引理 如果 $G_1 = (V_1, E_1), G_2 = (V_2, E_2)$ 都是满子图,并且 $V_1 \cap V_2 \neq nothing$,那么 $G = (V_1 \cup V_2, E_1 \cup E_2), G_3  = (V_1 \cap V_2, E_1 \cap E_2)$ 都是满子图。

  证明  $|E_1 \cup E_2| = |E_1| + |E_2| - |E_1\cap E_2| \geqslant 2|V_1| - 2 + 2|V_2| - 2 - (2|V_1\cap V_2| - 2) = 2|V_1 \cup V_2| - 2$,又因为 $|E_1 \cup E_2| \leqslant 2|V_1 \cup V_2| - 2$,所以有 $|E_1 \cup E_2| =2|V_1 \cup V_2| - 2$。

  用类似的方法可以证得 $G_3$ 是满子图。

  考虑和 $x$ 相邻的三个点 $a, b, c$。设删掉 $x$ 及其相邻的边后得到的图是 $G‘$。

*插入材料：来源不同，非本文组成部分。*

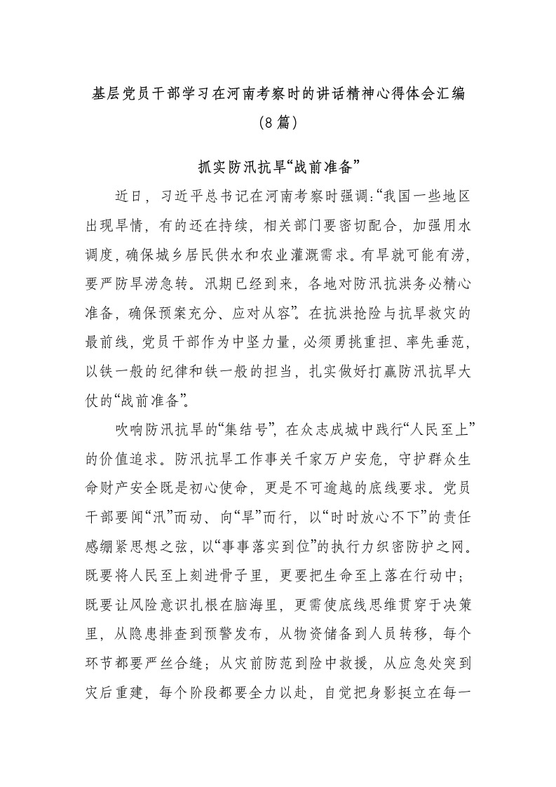 基层党员干部学习在河南考察时的讲话精神心得体会汇编(8篇)抓实防汛抗旱“战前准备”近日,习近平总书记在河南考察时强调:“我国一些地区出现旱情,有的还在持续,相关部门要密切配合,加强用水调度,确保城乡居民供水和农业灌溉需求。有旱就可能有涝,要严防旱涝急转。汛期已经到来,各地对防汛抗洪务必精心准备,确保预案充分、应对从容。在抗洪抢险与抗旱救灾的最前线,党员干部作为中坚力量,必须勇挑重担、率先垂范,以铁一般的纪律和铁一般的担当,扎实做好打赢防汛抗旱大仗的“战前准备”吹响防汛抗旱的“集结号”,在众志成城中践行“人民至上”的价值追求。防汛抗旱工作事关千家万户安危,守护群众生命财产安全既是初心使命,更是不可逾越的底线要求。党员干部要闻“汛”而动、向“旱”而行,以“时时放心不下”的责任感绷紧思想之弦,以“事事落实到位”的执行力织密防护之网。既要将人民至上刻进骨子里,更要把生命至上落在行动中;既要让风险意识扎根在脑海里,更需使底线思维贯穿于决策里,从隐患排查到预警发布,从物资储备到人员转移,每个环节都要严丝合缝;从灾前防范到险中救援,从应急处突到灾后重建,每个阶段都要全力以赴,自觉把身影挺立在每一个危险前沿。要以“春风化雨润无声”的温情贴近群众,走遍受灾户的门槛,听清每声叹息里的诉求,握紧每双颤抖的手传递力量,把安置点的床铺铺得更暖,把救灾粮的分发做得更细,全力以赴把人民群众关心关切的事情做得更好、更周全。发出履职尽责的“动员令”,在攻坚克难中锤炼“敢打必胜”的使命担当。担当作为是党员干部的政治本色和根本职责。当前我国已进入汛期,防汛抗旱工作面临严峻考验,这既是对党员干部政治品格、宗旨意识的现实检验,更是锤炼担当精神的实践考场。党员干部必须牢固树立“防大汛、抗大旱、抢大险、救大灾”的底线思维,始终保持高度警觉,做到闻令而动、听令而行。要严格落实防汛抗旱责任制,构建横向到边、纵向到底的责任体系,确保每个环节有人抓、每项工作有人管。要健全完善应急指挥机制,强化监测预警、会商研判和科学调度,做到险情早发现、早处置。要发扬钉钉子精神,以严明的纪律保障各项措施落地见效,在实战中锤炼“召之即来、来之能战、战之必胜”的过硬本领,在防汛抗旱这场大考中彰显共产党人的初心使命,让担当作为成为新时代党员干部最鲜明的精神标识。守牢主动作为的“主阵地”,在同舟共济中筑牢“严防死守”的安全堤坝。防汛抗旱既是应急大考,更是治理能力的综合检验。答好防汛抗旱这道“必答题”必须坚持预防为主、防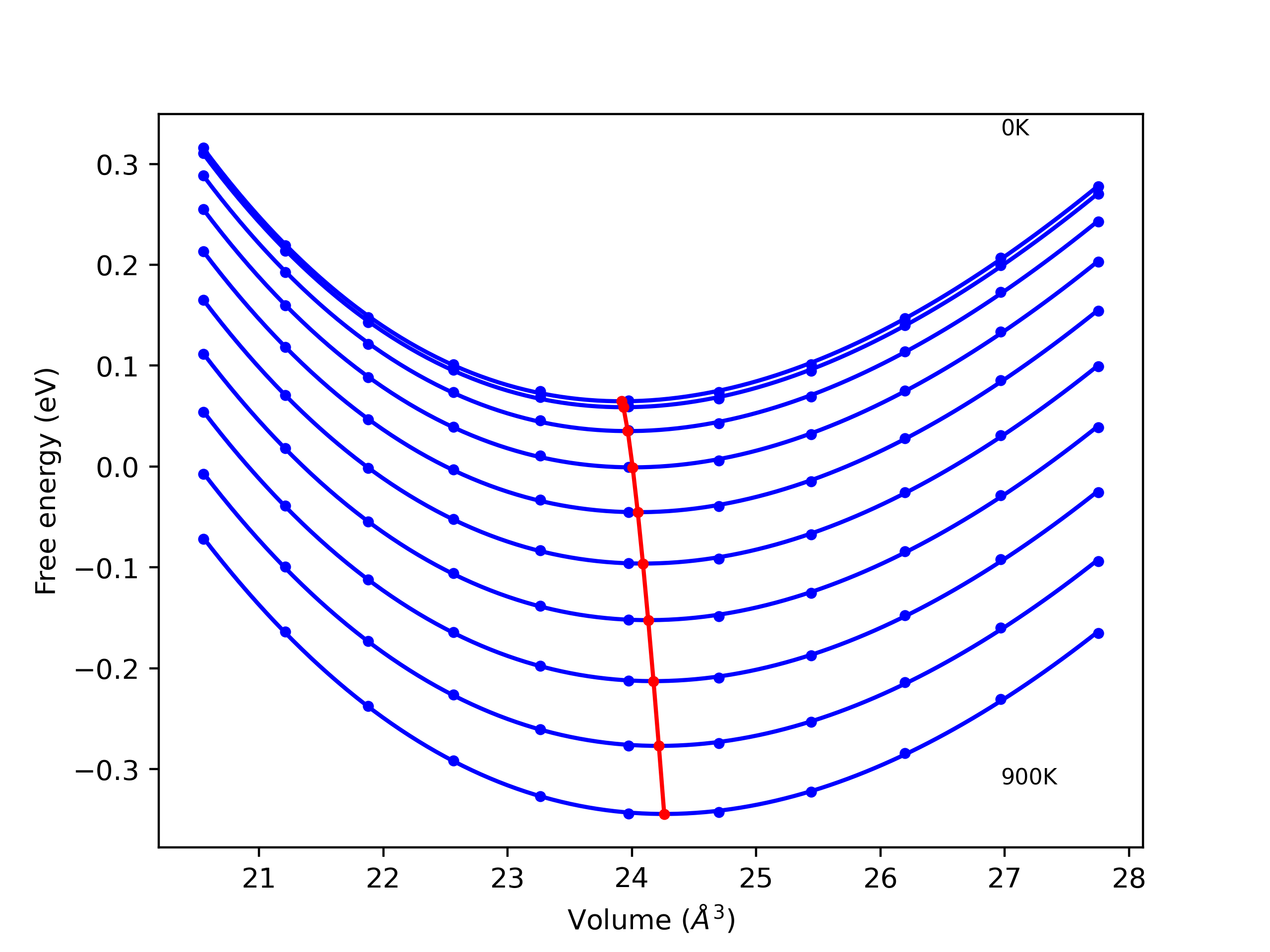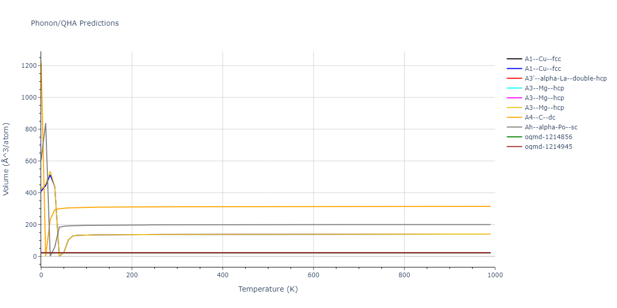 Phonon band structures and crystal properties estimated from quasi-harmonic approximation (QHA) calculations are displayed for select crystals. The calculations were performed using phonopy and LAMMPS. For the phonon calculations, 3x3 supercells of the potential-specific relaxed crystals were used. The QHA calculations were based on 11 strain states ranging from -0.05 to 0.05.

定理 $(a, b), (b, c), (a, c)$ 中至少存在一对 $(u, v)$ 满足同时包含 $(u, v)$ 的导出子图都不是满子图 

  证明 考虑反证法,在这三对各找一个使得它是满子图的子图,然后把它们并起来,这样得到了一个同时包含 $a, b, c$ 的满子图,这时候加入 $x$ 和它相邻的边,显然此时不满足条件。

  假设 $G‘$ 中同时包含 $a, b$ 的导出子图都不是满子图,那么在 $G‘$ 中加入边 $(a,b)$ 得到 $G‘‘$,然后根据归纳假设有 $G‘‘$ 是丛林。因此我们得到了两个森林,在包含 $(a, b)$ 的边的森林中,删除 $(a, b)$,然后加入 $(x, a), (x, b)$,再在另外一边加入 $(x, c)$。

  剩下的问题是判断是否存在一个点集 $V$,它导出的边集 $E$,满足 $\frac{|E|}{|V| - 1} > 2$。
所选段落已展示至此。